I have also attached the errors as a text file because github does not seem to render the line breaks in the code properly: holmes-errors.txt

Thank you very much in advance!

xlxwalex commented 2 months ago

Thank you for your response. I have noticed that in the encode.py file, line 24:

base_path = "/".join(config_file_path.split("/")[:-1]) + "/folds.csv"

attempts to locate the folds.csv file within the data folder. However, this file does not appear to exist and also does not seem to be generated as an intermediate file.

And I have been using the command provided in the README as follows:

python3 investigate.py --model_name model_name_or_path --version flash-holmes --parallel_probing 
xlxwalex commented 2 months ago
  1. You refer to the parameter of encode.py, right?

Yes, I am referring to config_file_path at Line 15 of encode.py.

holmesbenchmark commented 2 months ago

@xlxwalex @bbunzeck Thanks for the information.

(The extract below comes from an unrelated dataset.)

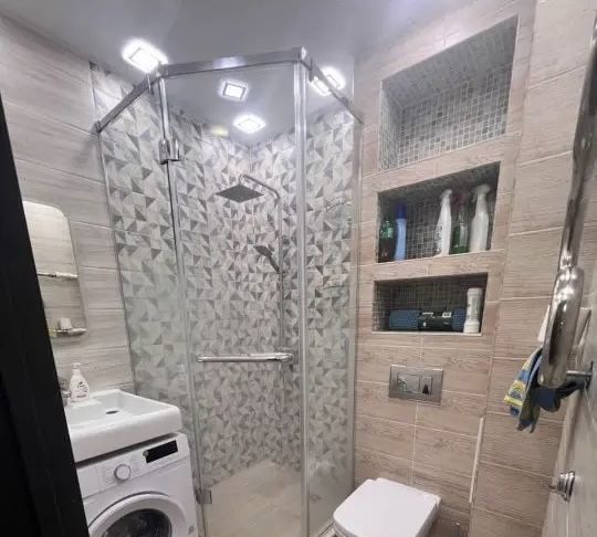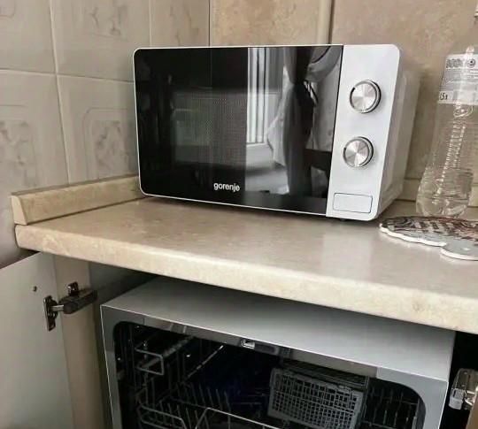Из бытовой техники: стиральная машина, микроволновка, сплит, телевизор, холодильник, утюг, посудомойка, электрический чайник.

We updated the download instructions and provide a download script to make sure that the structure under the data folder matches. Further, we realized that in older version, we called the samples.csv files folds.csv. We fixed that as well.

We just tested it on a fresh environment on your system and it works for us. Would be great if you could also verify it and provide short feedback.

If you have any other question feel free to come back to us here or via Mail.

bbunzeck commented 2 months ago

@holmesbenchmark Thank you so much for the timely response!

It seems to be working for me. 😊

xlxwalex commented 2 months ago

@holmesbenchmark Thank you for the prompt response. According to the new code, it is running correctly now.